Web applications and web services are used both in public data networks and in a local network (intranet) of an institution to provide data and applications. As a rule, clients must authenticate themselves in order to access a web application or web service.
Objective
The objective of this building block is to deploy web applications and web services securely and to protect information processed by them.
Scope and Modeling
The building block is to be applied to every web application and every web service used within the information domain.
Requirements for web servers and for the editorial planning of a web presence are not addressed in this building block. They are found in the building block APP.3.2 Web Servers. The development of web applications is addressed in the building block CON.10 Development of Web Applications.
Web service interfaces are often realized via Representational State Transfer (REST) and Simple Object Access Protocol (SOAP). This building block only considers REST-based web services. The focus is on the lifecycle phase “Operation”. Security requirements arising, for example, from planning and design as well as decommissioning and emergency preparedness are not addressed in this building block and must be determined separately within the scope of a risk analysis.
General requirements for the selection of software are addressed in the building block APP.6 General Software.
Threat Landscape
Since IT-Grundschutz building blocks cannot address individual information domains, typical scenarios are used as the basis for describing the threat landscape. The following specific threats and vulnerabilities are of particular importance for the building block APP.3.1 Web Applications and Web Services.

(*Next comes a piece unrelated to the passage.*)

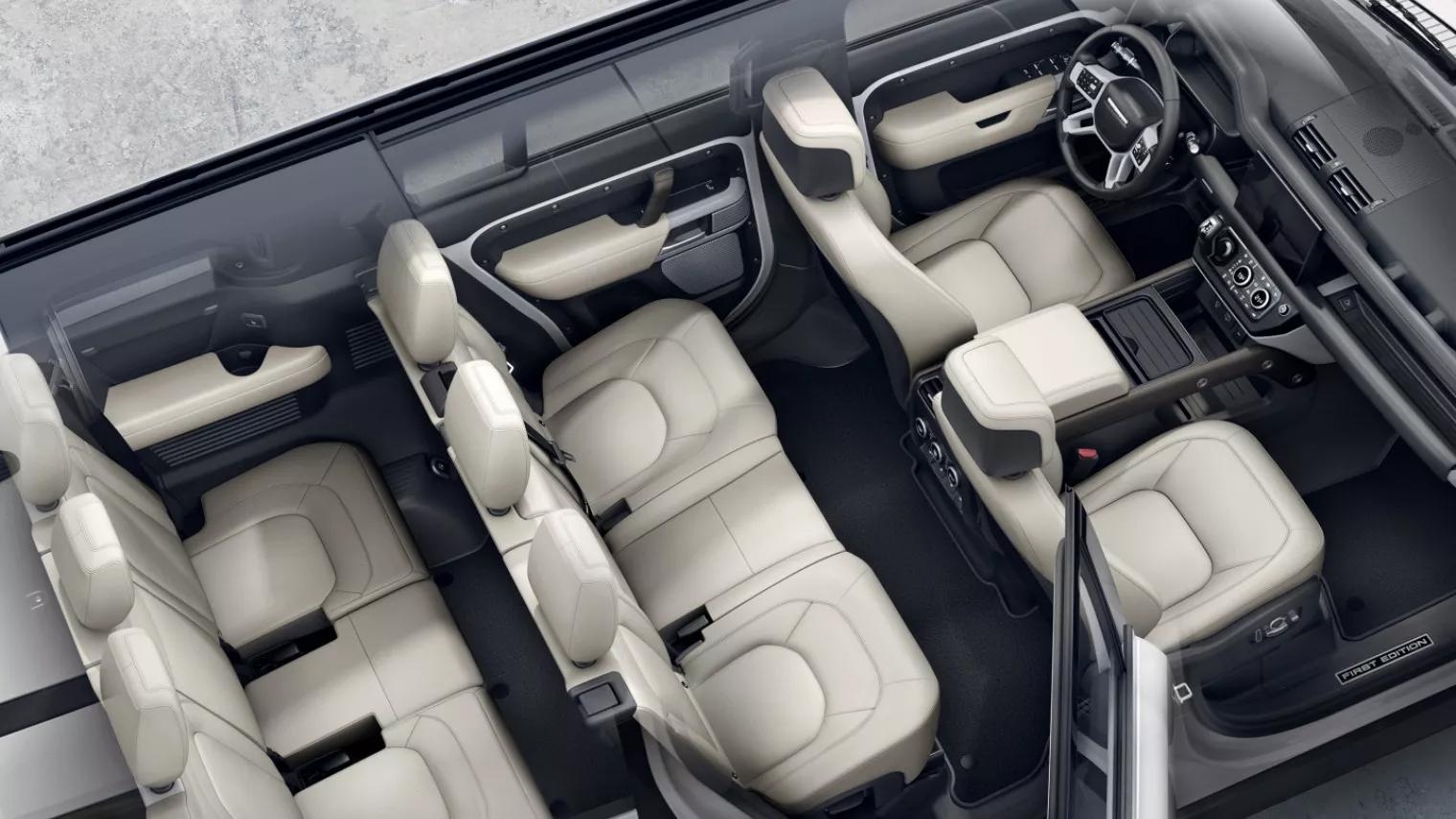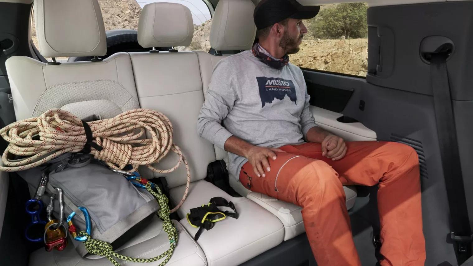 Het bestaansrecht van de Defender 130 zit ‘m natuurlijk in die derde zitrij. Je zit er op een volwaardige zitrij met echte stoelen en met veel been- en hoofdruimte. En met verwarming, met USB-aansluitingen en zelfs met een extra panoramadak zodat je genoeg daglicht hebt. De instap ernaartoe is ook prima. Volwassenen kunnen hier prima zitten. Bii veel zevenzitters van andere merken is er aanzienlijk minder ruimte op de derde zitrij en kunnen er eigenlijk alleen kinderen zitten. In deze auto passen trouwens vijf kinderzitjes! Ook op de middelste zitrij is veel been- en hoofdruimte. Je kunt de stoelen bovendien verschuiven zodat je voor de persoon die achter je zit, extra beenruimte kan maken. Of om meer bagageruimte te hebben als de derde zitrij is weggeklapt.

Insufficient Logging of Security-Relevant Events
If security-relevant events are insufficiently logged by the web application or web service, these may in some circumstances be difficult to trace at a later point in time. The causes of an event may then no longer be determinable. For example, critical errors or unauthorized changes in the configuration of the web application may be overlooked.
Disclosure of Security-Relevant Information in Web Applications and Web Services
Web pages and data generated and delivered by a web application or web service can contain information about background systems, e.g., details about databases or version statuses of frameworks. This information can make it easier during attacks to specifically target web applications or web services.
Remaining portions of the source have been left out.